Actually, Thespian has a point, and I think it’s a good one. I watched that video myself and Rachel, while not an expert dancer, didn’t really embarrass herself THAT badly. Reading some of these comments, you’d have thought she lurched around like Frankenstein’s monster and mouthed off-key lyrics to entirely different songs than the ones being played. But actually she didn’t do anything that I’d be willing to bet most of us haven’t done on a night out in a nightclub; most of us don’t know all the words to songs when we sing along and most of us aren’t expert dancers but like to rock out to the beat. She just happened to be taped. I imagine if you were taped, you’d look just as bad or worse. So give the lady a break and mock her as a cooking show host, at which, I agree, she is abysmal. i’m no fan of Rachel Ray, by the way; I won’t watch her shows, and I despise her recipes. I received one of her cookbooks as a gift, and I had to modify the one recipe I do use out of it. It’s full of made-up words and references to Isaboo, too, which irritate me no end. But on this I’m giving her a pass.
I say, hear, hear Jillian! This post is brilliant! We need to see the “other side” of FN “stars” (and I use that term “stars” loosely since my dog can s*it out better looking food than some of these people can make on TV!)
Thank you Jillian for putting a smile in all of our days. You are brilliant and talented and I thank you for this website!
This video of Rachael Ray dancing reminded me of Elaine Benes on Seinfeld doing her convulsion dance. Painful to watch, but oh, so funny!
WHY do we need to see the “other side” of FN stars? Let’s critique them for their cooking and hosting abilities; that gives us lots to work with, right there!
You know, if you don’t like the content here, you are certainly free to leave and make your own website where you can dictate what is posted.
See how easy that is?
It’s probably just the video but her does her ass look gigantic or what? Second only to her gaping mouth. I have to hand it to her, though, for not getting red wine all over her shirt with all that spazzing around. Do bands really cover that stupid Sedated song anymore?
Did anyone notice Guy Ferry’s “hair” behind RR in the opening part of this video?
Oh God…do you think it finally made a break for it? If so, WHY would it go to this shit-fest? Probably just so used to being around crap.
How do you host a soundcheck? Sibilance! Sibilance! One, two. One, two. Check, check, check.
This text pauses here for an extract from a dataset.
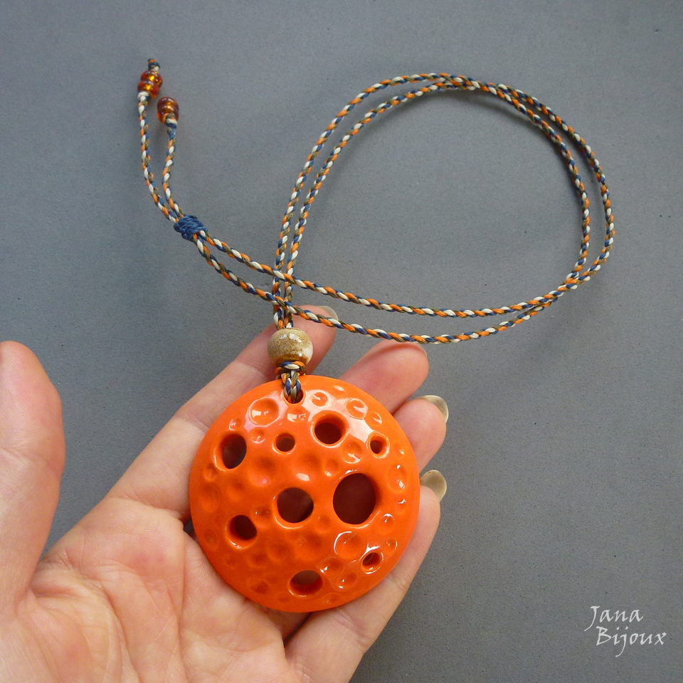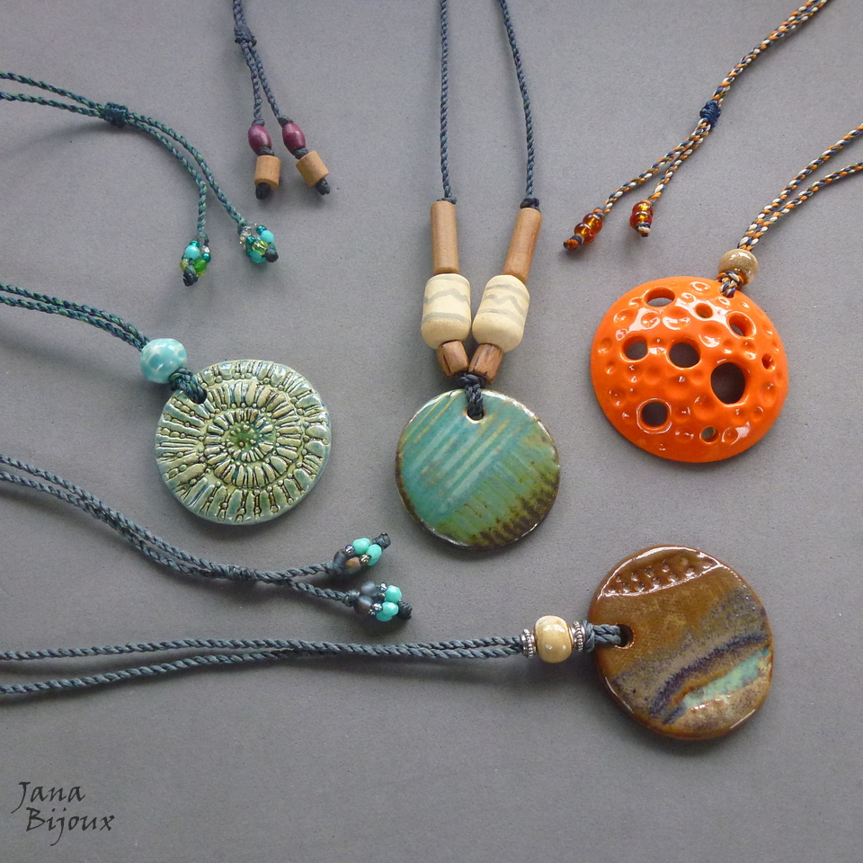 Colar simples, porém artesanal. Cerâmica de alta temperatura, feita a mão 6 cm pela @luciane_schwarz . O cordão feito a mão com 4 tons diferentes, nas pontas miçangas de vidro, comprimento ajustável, tem 81 cm, pode ser usado curto, médio ou comprido.

Yes that was Daisy of Viva Daisy she is mobbed up with the Ray/Cusimano gang they produce her show now that she left PBS. Watch out for her. I know her or should say I knew her. She is fucking nuts!! Talk about a grabbing attention whore!
I remember a night at SOB’s in the early nineties when this “mother and wife” ( she trots the family out now for the new show)stood on the tables lifting up her skirt while men threw ice cubes at her crotch. That was when she has long blond hair down to the middle of her back and a heavy Rosie Perez accent. She also went on Oprah and sat in the audience talking about the problems in her marriage ANYTHING for attention.
These two together are bile inducing.
There’s video of Rachel’s very white dancing and no video of crotch skeeball?
What is the world coming to?
Where can I find that video?! I could use a good laugh.
Who the hell dances with their hands in their pockets? If you’re not sure what to do with you hands, maybe you shouldn’t be dancing in the first place.
The video caught me on the way out, it took me all day to lose the red faced douche, I certainly wasn’t going to stick around and groove with a raspy, stumpy word truncator!
We can only hope that Rachael screaming “I wanna be sedated” comes true one day….Save that sound bite and play it to the “authorities” at a convenient time!